Exercise materials
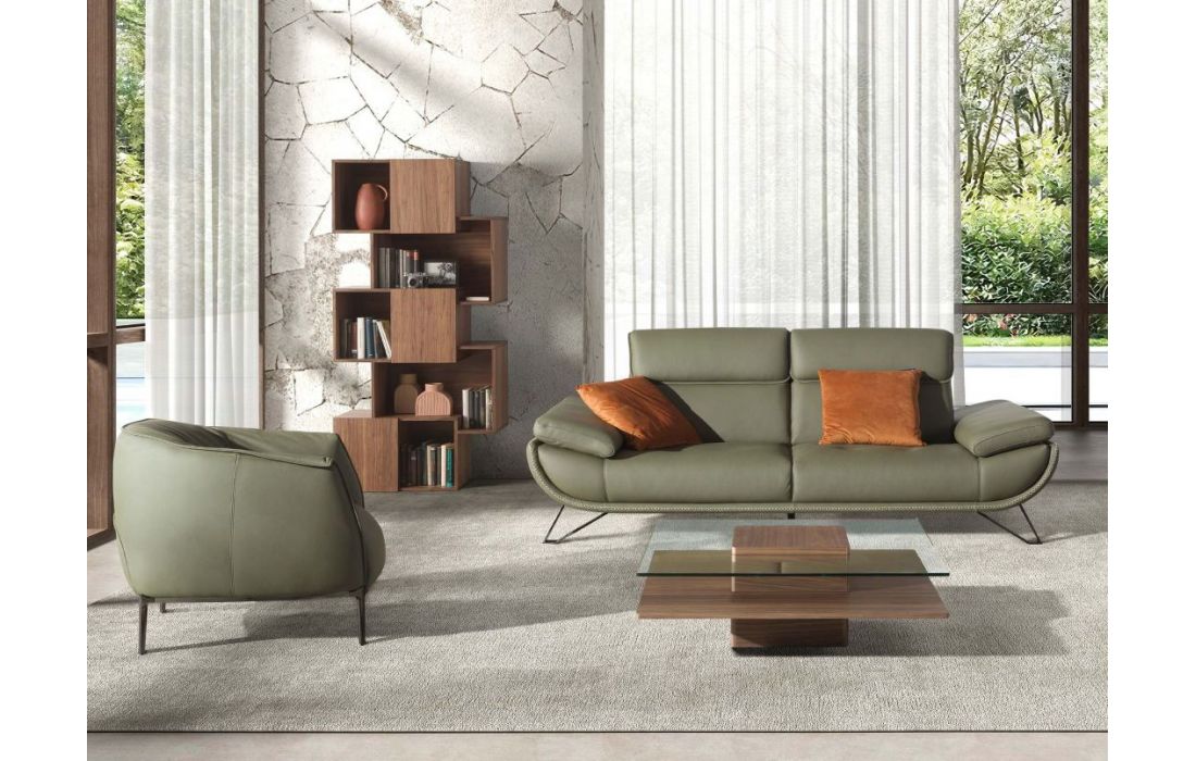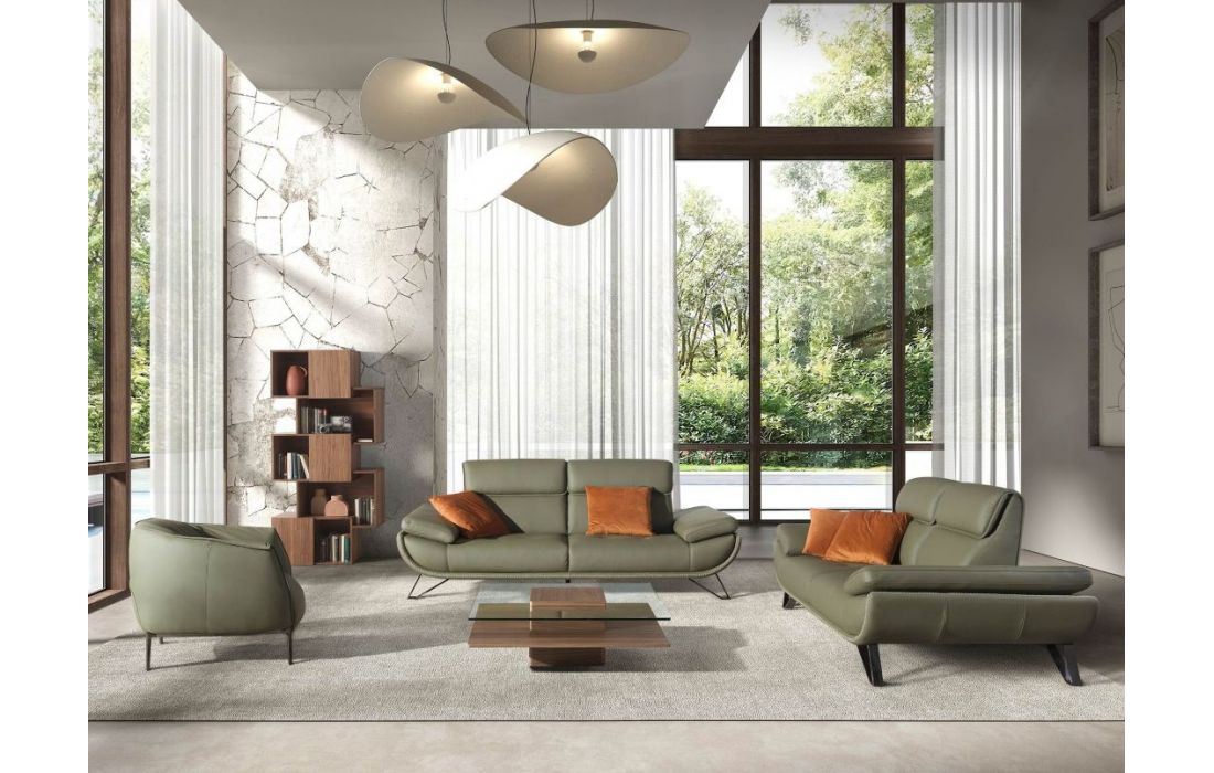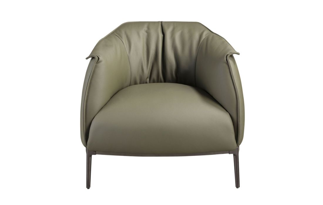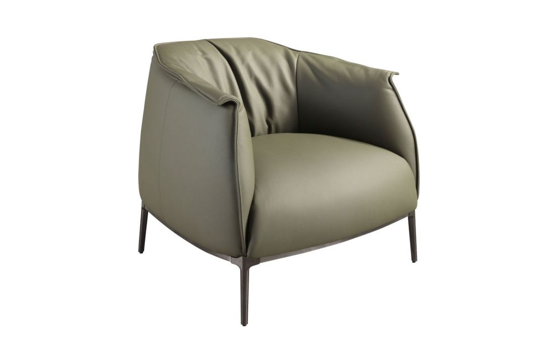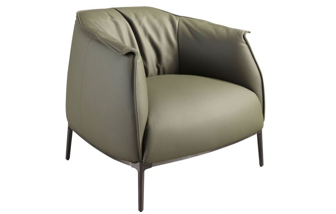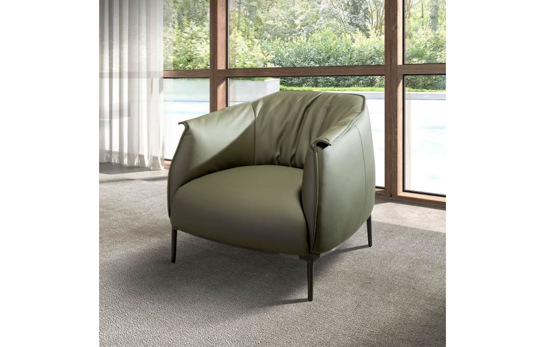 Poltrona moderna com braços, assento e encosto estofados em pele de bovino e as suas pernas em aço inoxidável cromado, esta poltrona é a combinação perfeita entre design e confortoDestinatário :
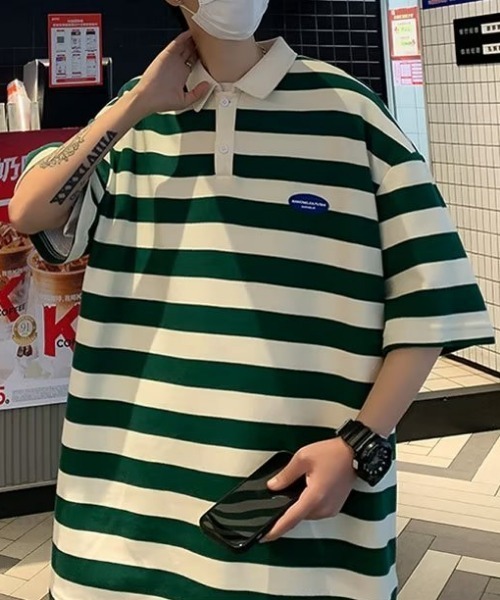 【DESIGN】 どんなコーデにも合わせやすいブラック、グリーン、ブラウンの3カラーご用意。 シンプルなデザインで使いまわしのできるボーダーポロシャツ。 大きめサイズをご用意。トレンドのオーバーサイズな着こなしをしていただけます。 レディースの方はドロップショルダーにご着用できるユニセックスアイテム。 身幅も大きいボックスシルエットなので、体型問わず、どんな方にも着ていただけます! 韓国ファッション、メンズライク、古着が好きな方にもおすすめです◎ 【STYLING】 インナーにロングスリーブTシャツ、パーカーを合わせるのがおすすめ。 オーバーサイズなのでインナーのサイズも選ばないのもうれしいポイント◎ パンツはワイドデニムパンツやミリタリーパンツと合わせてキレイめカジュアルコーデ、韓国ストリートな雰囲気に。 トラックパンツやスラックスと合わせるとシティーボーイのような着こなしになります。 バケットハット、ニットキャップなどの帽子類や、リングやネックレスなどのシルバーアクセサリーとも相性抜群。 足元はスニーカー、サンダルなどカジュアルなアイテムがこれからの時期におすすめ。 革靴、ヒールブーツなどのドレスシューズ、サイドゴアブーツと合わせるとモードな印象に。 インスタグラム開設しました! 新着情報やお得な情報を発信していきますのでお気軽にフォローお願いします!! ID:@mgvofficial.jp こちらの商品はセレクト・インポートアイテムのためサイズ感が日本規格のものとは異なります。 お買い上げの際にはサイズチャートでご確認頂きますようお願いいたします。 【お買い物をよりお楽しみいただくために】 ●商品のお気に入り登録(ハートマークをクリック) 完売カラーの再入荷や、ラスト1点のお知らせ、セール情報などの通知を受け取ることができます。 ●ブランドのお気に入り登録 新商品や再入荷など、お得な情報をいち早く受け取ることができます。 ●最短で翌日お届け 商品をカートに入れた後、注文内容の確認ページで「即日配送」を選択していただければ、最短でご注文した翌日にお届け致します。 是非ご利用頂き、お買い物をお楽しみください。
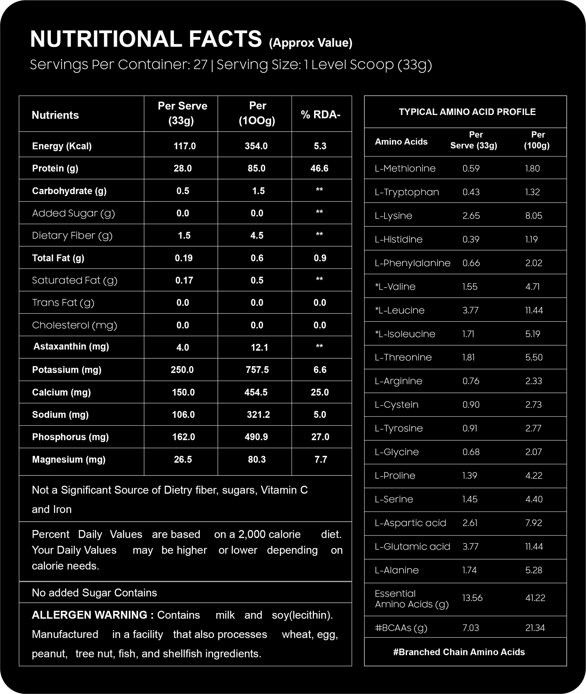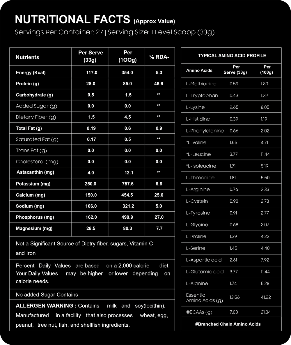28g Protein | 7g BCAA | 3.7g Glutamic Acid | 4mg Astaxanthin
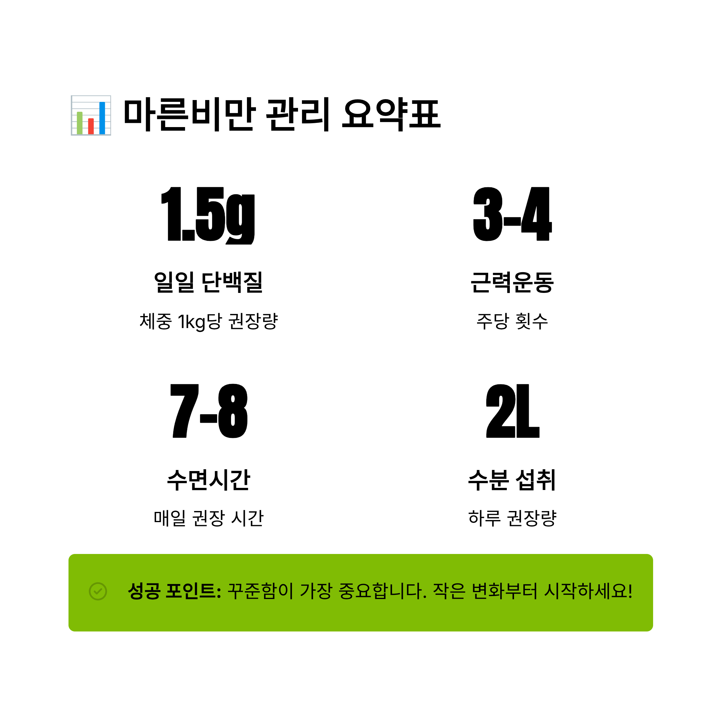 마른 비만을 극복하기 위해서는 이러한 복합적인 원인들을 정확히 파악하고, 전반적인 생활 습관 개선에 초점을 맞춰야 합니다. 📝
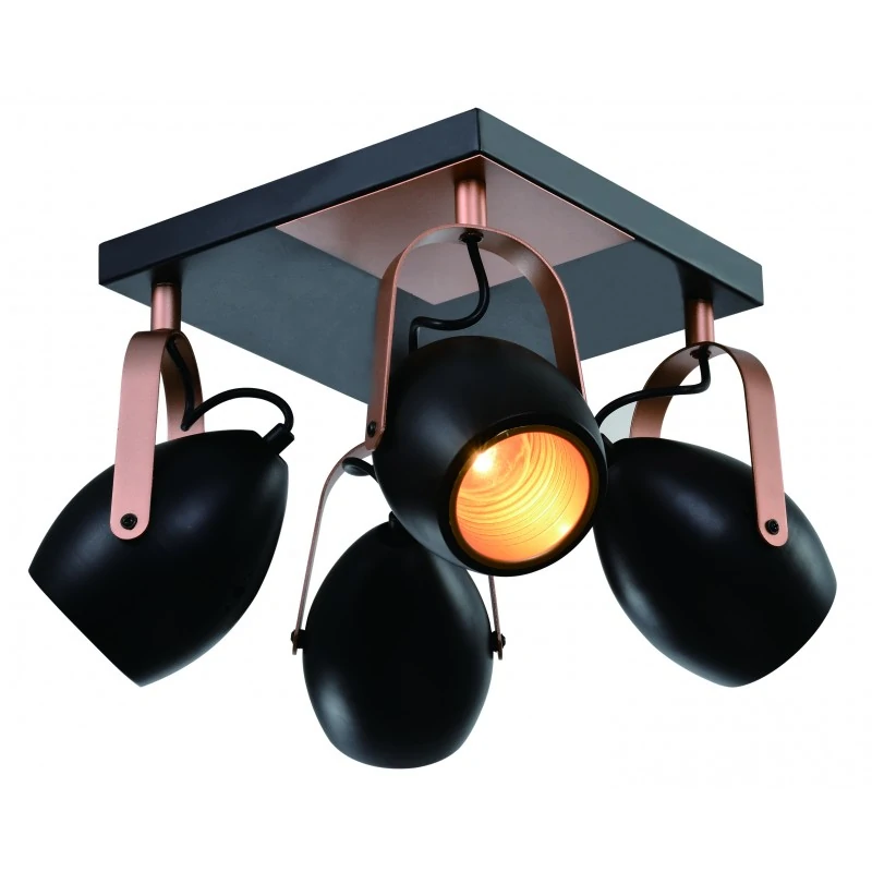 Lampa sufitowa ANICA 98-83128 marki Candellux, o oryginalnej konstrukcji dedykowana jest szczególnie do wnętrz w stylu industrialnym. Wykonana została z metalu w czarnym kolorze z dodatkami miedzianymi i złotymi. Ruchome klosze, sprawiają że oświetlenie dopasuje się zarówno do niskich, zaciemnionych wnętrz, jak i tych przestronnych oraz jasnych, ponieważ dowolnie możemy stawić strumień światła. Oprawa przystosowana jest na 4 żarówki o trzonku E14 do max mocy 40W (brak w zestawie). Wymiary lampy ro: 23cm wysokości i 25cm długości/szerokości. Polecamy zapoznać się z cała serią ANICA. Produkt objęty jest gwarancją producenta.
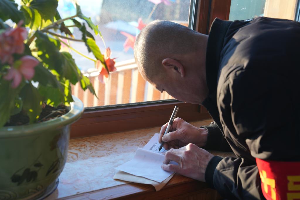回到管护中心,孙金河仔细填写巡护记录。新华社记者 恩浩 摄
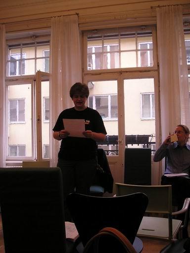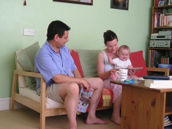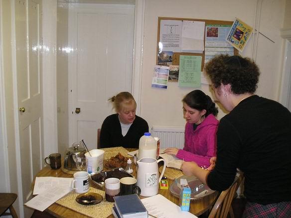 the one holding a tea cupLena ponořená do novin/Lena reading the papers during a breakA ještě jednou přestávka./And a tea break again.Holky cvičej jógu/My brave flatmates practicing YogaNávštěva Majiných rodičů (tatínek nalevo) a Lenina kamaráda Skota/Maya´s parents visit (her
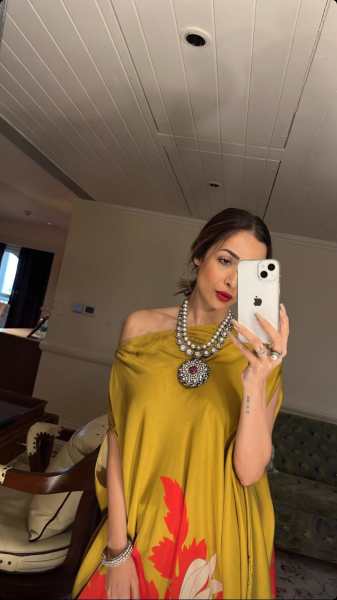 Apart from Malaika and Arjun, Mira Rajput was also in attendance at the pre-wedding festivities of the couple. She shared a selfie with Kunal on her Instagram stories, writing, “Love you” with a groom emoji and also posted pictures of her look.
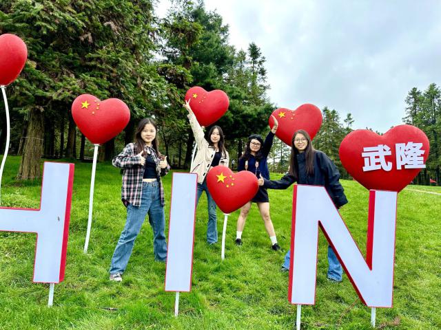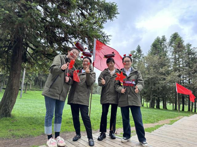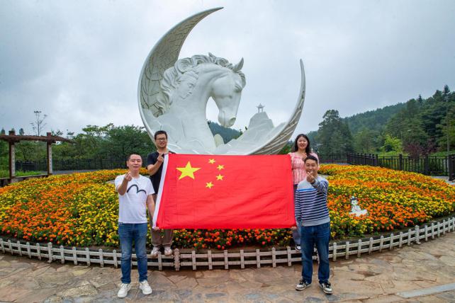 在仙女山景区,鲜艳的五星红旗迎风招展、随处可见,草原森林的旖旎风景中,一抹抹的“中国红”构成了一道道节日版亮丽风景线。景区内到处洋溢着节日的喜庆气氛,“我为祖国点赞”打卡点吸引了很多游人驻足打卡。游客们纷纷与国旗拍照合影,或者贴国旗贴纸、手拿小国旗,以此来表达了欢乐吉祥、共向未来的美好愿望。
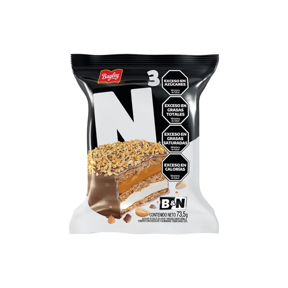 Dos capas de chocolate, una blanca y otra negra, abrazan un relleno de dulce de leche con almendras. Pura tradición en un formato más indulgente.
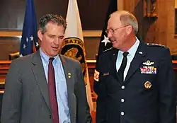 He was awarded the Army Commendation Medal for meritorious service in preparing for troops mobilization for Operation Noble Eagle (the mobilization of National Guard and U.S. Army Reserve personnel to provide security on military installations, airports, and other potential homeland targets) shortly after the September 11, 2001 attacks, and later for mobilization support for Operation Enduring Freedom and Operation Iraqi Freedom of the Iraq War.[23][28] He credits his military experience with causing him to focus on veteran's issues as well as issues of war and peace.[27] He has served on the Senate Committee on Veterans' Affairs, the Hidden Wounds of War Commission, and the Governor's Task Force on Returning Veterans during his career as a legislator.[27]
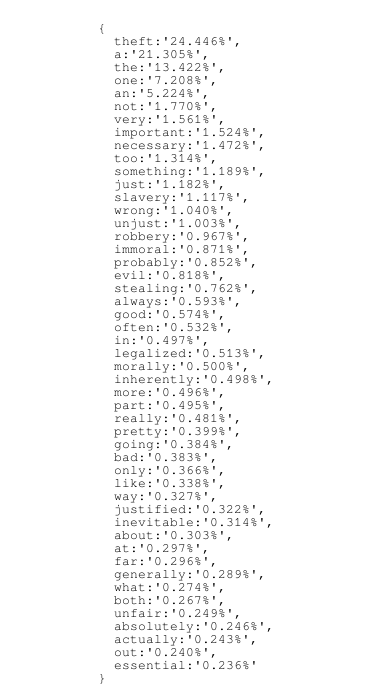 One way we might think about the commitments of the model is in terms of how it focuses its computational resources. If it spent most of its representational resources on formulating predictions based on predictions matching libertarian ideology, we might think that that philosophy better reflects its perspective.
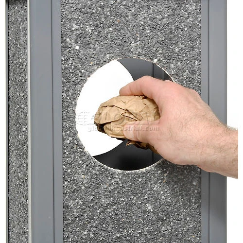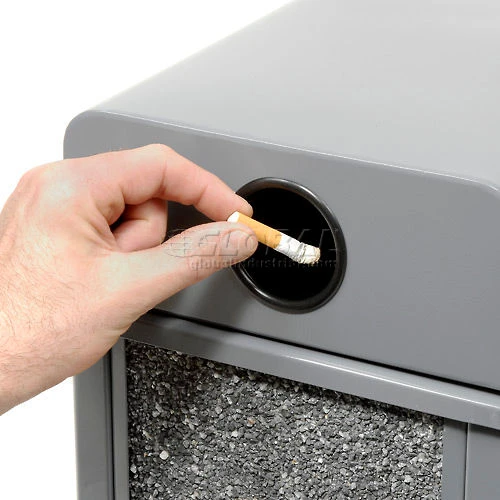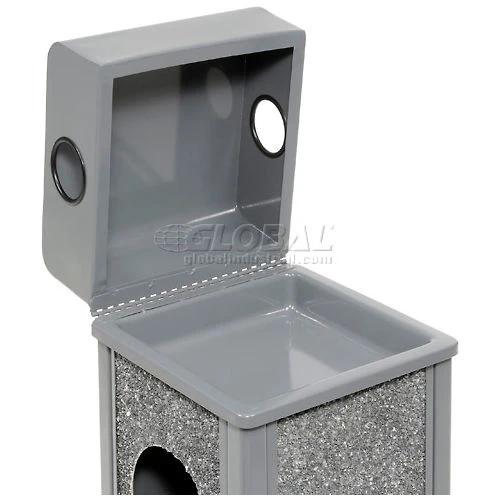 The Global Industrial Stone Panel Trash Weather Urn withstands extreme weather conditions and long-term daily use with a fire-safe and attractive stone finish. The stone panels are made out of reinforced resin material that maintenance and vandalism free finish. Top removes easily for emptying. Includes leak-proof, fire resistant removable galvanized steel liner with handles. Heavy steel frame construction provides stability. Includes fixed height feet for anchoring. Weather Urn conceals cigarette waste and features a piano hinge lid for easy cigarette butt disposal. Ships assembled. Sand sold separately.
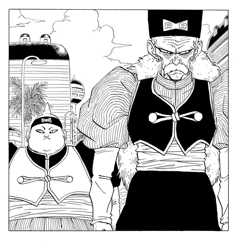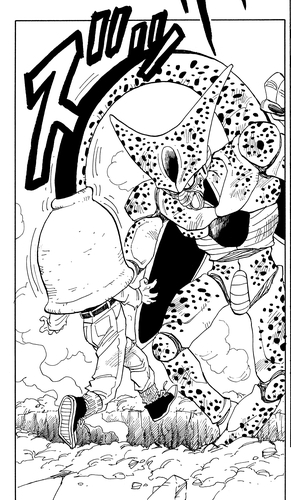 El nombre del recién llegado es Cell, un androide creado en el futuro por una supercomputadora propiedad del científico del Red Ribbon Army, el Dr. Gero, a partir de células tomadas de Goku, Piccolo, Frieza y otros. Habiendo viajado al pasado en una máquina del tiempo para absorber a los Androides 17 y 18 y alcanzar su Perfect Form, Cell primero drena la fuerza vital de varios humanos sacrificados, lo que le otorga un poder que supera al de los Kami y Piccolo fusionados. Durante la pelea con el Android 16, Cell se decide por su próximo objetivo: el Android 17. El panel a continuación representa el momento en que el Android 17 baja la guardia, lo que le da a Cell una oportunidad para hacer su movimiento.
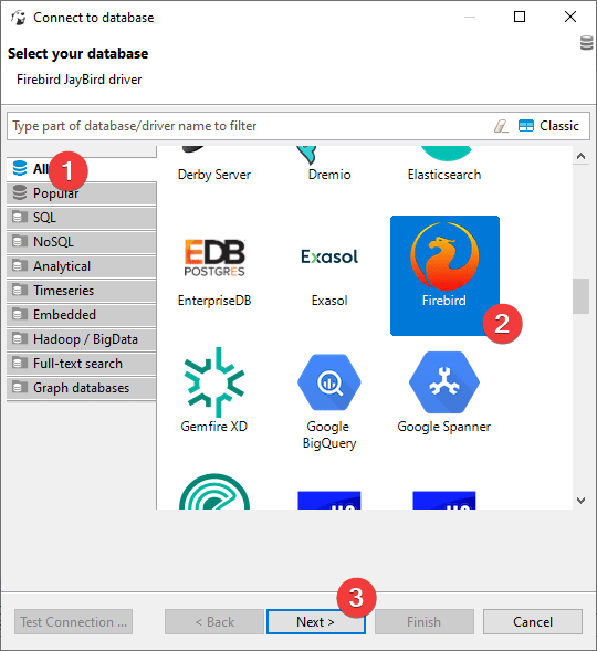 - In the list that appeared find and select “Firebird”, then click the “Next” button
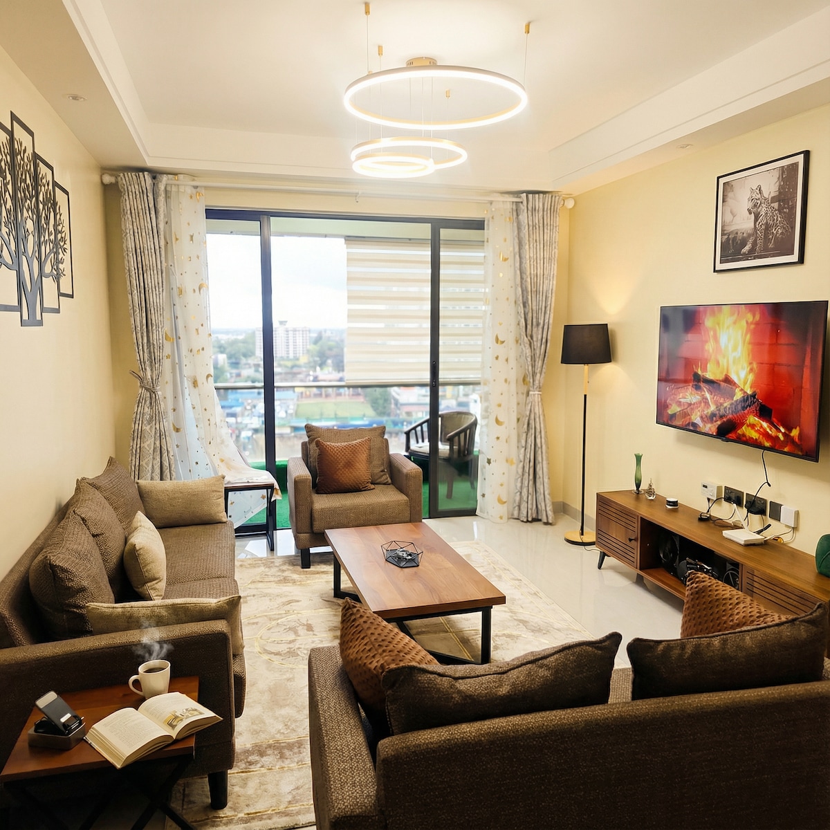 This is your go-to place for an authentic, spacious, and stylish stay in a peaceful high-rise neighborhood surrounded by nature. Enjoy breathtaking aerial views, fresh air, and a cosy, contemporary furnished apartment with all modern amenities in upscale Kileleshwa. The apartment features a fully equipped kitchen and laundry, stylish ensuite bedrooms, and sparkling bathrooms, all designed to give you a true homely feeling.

Directions
In the entries above, every line from the line with "마른 비만을 극복하기" to the line with "the one holding" is to be printed exactly, with both ends included and pictures excluded.

Answer section
 마른 비만을 극복하기 위해서는 이러한 복합적인 원인들을 정확히 파악하고, 전반적인 생활 습관 개선에 초점을 맞춰야 합니다. 📝
 Lampa sufitowa ANICA 98-83128 marki Candellux, o oryginalnej konstrukcji dedykowana jest szczególnie do wnętrz w stylu industrialnym. Wykonana została z metalu w czarnym kolorze z dodatkami miedzianymi i złotymi. Ruchome klosze, sprawiają że oświetlenie dopasuje się zarówno do niskich, zaciemnionych wnętrz, jak i tych przestronnych oraz jasnych, ponieważ dowolnie możemy stawić strumień światła. Oprawa przystosowana jest na 4 żarówki o trzonku E14 do max mocy 40W (brak w zestawie). Wymiary lampy ro: 23cm wysokości i 25cm długości/szerokości. Polecamy zapoznać się z cała serią ANICA. Produkt objęty jest gwarancją producenta.
回到管护中心,孙金河仔细填写巡护记录。新华社记者 恩浩 摄
 the one holding a tea cupLena ponořená do novin/Lena reading the papers during a breakA ještě jednou přestávka./And a tea break again.Holky cvičej jógu/My brave flatmates practicing YogaNávštěva Majiných rodičů (tatínek nalevo) a Lenina kamaráda Skota/Maya´s parents visit (her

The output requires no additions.